> [Work request]:
After dropping the pictures, give again exactly the lines of the data from its first line through the line with "首先,辅导员对学生宿合的安全", which is included as well.

> [Input data]:
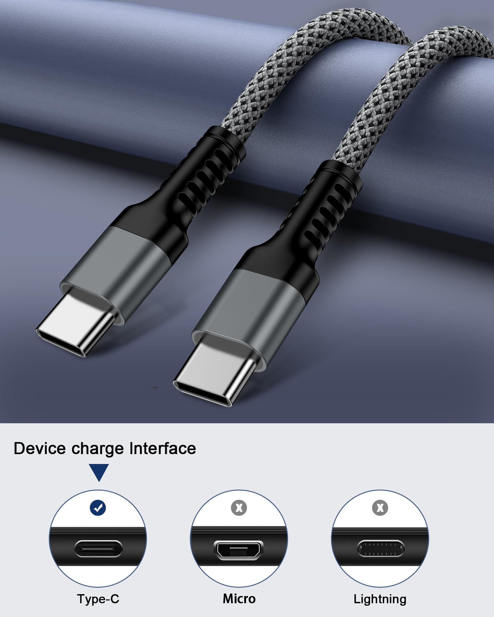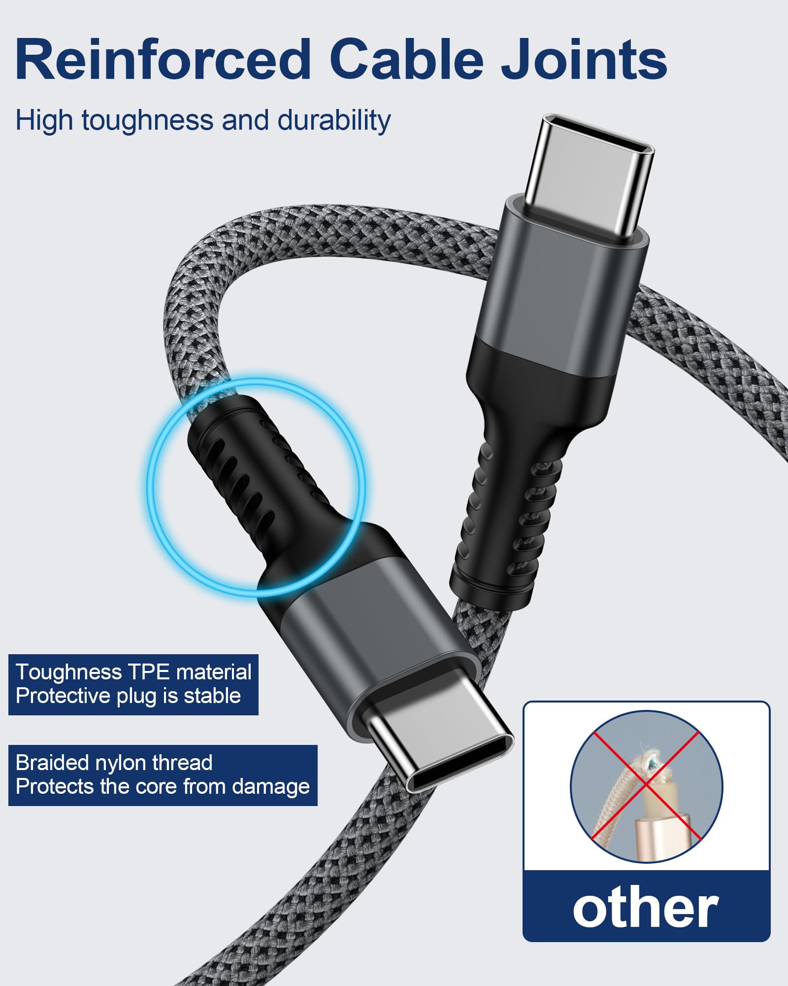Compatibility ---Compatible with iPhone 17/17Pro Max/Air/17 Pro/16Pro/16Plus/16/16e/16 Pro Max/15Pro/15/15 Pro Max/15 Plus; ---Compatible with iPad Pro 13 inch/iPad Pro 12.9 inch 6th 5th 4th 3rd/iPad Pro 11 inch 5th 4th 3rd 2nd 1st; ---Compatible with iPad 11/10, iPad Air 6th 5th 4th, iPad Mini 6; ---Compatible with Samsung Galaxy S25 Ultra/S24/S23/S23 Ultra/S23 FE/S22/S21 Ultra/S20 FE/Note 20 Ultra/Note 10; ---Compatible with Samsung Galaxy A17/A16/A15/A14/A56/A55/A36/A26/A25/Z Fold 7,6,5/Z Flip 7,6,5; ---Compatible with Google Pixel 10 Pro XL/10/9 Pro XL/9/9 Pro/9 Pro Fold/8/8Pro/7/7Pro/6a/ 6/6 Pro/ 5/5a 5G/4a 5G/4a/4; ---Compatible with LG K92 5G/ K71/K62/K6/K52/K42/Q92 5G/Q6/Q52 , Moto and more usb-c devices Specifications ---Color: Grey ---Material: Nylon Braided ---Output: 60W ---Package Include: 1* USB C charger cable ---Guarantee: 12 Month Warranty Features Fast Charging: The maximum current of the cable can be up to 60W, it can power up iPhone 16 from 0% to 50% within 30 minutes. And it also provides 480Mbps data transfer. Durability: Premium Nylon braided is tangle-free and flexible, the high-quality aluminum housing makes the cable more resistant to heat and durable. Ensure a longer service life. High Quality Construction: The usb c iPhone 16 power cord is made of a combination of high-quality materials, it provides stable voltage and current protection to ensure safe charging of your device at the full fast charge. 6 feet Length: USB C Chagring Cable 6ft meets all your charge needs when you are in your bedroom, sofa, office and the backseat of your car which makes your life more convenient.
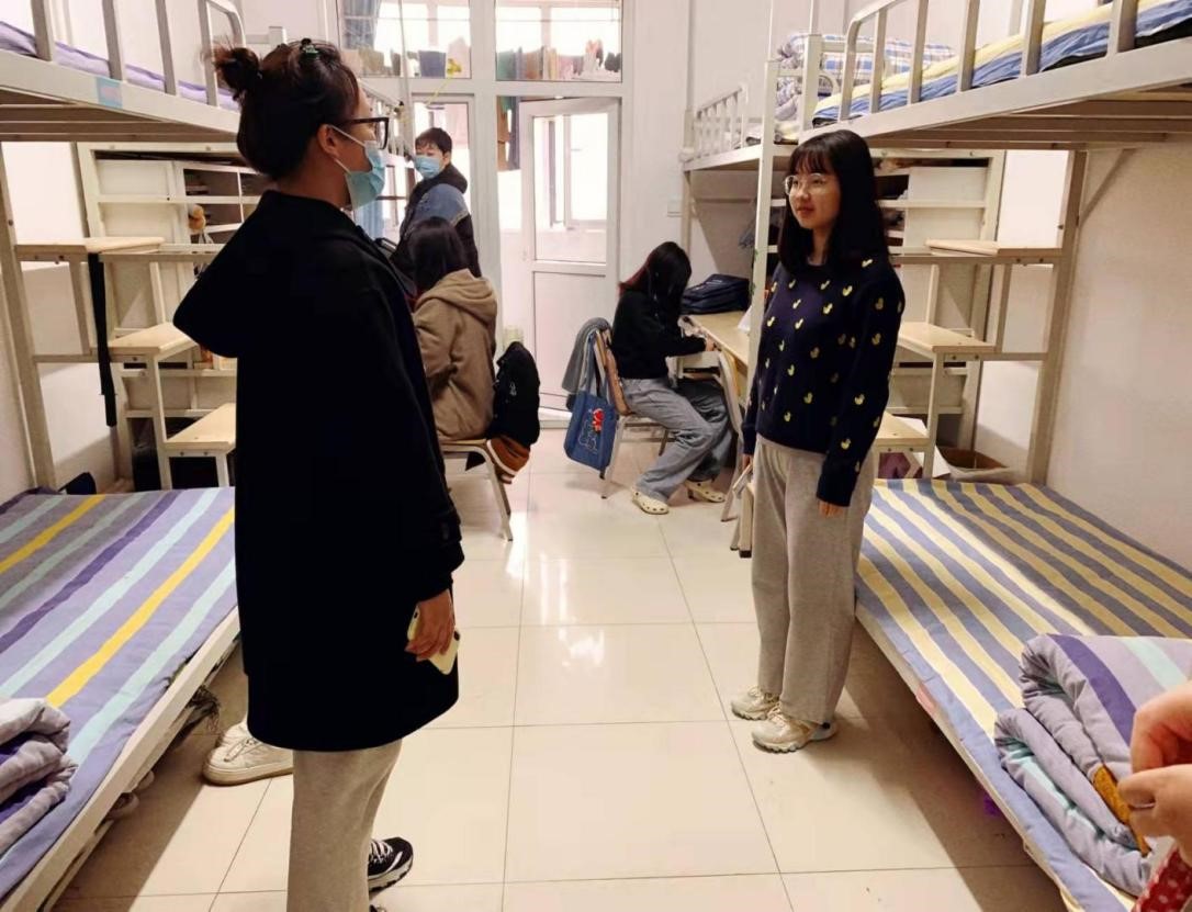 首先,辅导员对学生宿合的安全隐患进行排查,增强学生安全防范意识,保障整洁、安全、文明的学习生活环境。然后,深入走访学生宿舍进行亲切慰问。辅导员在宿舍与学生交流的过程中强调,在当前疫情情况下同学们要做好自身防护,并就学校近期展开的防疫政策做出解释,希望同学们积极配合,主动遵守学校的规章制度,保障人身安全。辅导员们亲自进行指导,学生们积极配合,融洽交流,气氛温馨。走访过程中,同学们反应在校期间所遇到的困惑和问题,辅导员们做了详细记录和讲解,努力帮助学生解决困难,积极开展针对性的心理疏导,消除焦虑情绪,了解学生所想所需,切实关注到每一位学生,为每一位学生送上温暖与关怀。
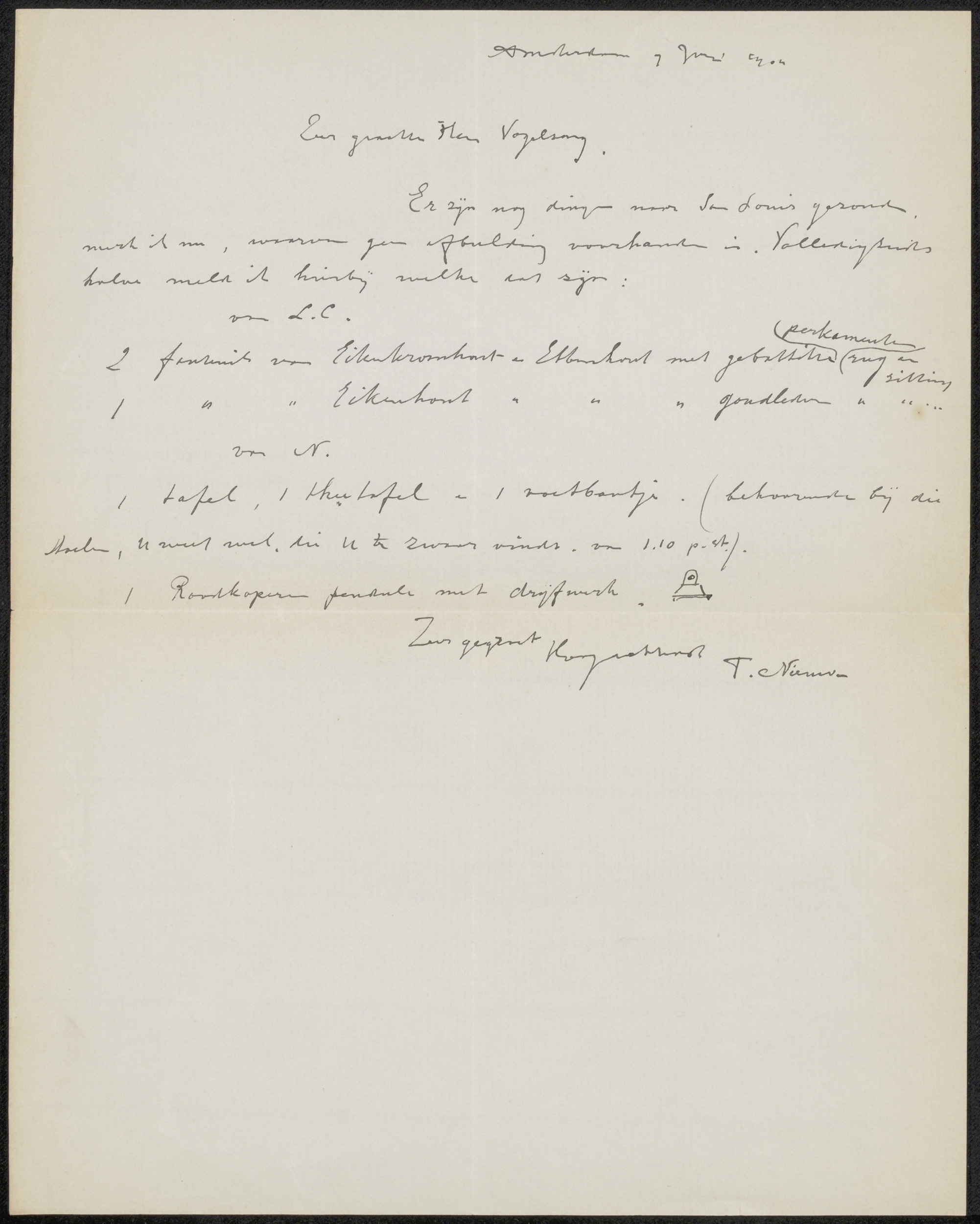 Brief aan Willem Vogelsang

> [Answer box]:
Compatibility ---Compatible with iPhone 17/17Pro Max/Air/17 Pro/16Pro/16Plus/16/16e/16 Pro Max/15Pro/15/15 Pro Max/15 Plus; ---Compatible with iPad Pro 13 inch/iPad Pro 12.9 inch 6th 5th 4th 3rd/iPad Pro 11 inch 5th 4th 3rd 2nd 1st; ---Compatible with iPad 11/10, iPad Air 6th 5th 4th, iPad Mini 6; ---Compatible with Samsung Galaxy S25 Ultra/S24/S23/S23 Ultra/S23 FE/S22/S21 Ultra/S20 FE/Note 20 Ultra/Note 10; ---Compatible with Samsung Galaxy A17/A16/A15/A14/A56/A55/A36/A26/A25/Z Fold 7,6,5/Z Flip 7,6,5; ---Compatible with Google Pixel 10 Pro XL/10/9 Pro XL/9/9 Pro/9 Pro Fold/8/8Pro/7/7Pro/6a/ 6/6 Pro/ 5/5a 5G/4a 5G/4a/4; ---Compatible with LG K92 5G/ K71/K62/K6/K52/K42/Q92 5G/Q6/Q52 , Moto and more usb-c devices Specifications ---Color: Grey ---Material: Nylon Braided ---Output: 60W ---Package Include: 1* USB C charger cable ---Guarantee: 12 Month Warranty Features Fast Charging: The maximum current of the cable can be up to 60W, it can power up iPhone 16 from 0% to 50% within 30 minutes. And it also provides 480Mbps data transfer. Durability: Premium Nylon braided is tangle-free and flexible, the high-quality aluminum housing makes the cable more resistant to heat and durable. Ensure a longer service life. High Quality Construction: The usb c iPhone 16 power cord is made of a combination of high-quality materials, it provides stable voltage and current protection to ensure safe charging of your device at the full fast charge. 6 feet Length: USB C Chagring Cable 6ft meets all your charge needs when you are in your bedroom, sofa, office and the backseat of your car which makes your life more convenient.
 首先,辅导员对学生宿合的安全隐患进行排查,增强学生安全防范意识,保障整洁、安全、文明的学习生活环境。然后,深入走访学生宿舍进行亲切慰问。辅导员在宿舍与学生交流的过程中强调,在当前疫情情况下同学们要做好自身防护,并就学校近期展开的防疫政策做出解释,希望同学们积极配合,主动遵守学校的规章制度,保障人身安全。辅导员们亲自进行指导,学生们积极配合,融洽交流,气氛温馨。走访过程中,同学们反应在校期间所遇到的困惑和问题,辅导员们做了详细记录和讲解,努力帮助学生解决困难,积极开展针对性的心理疏导,消除焦虑情绪,了解学生所想所需,切实关注到每一位学生,为每一位学生送上温暖与关怀。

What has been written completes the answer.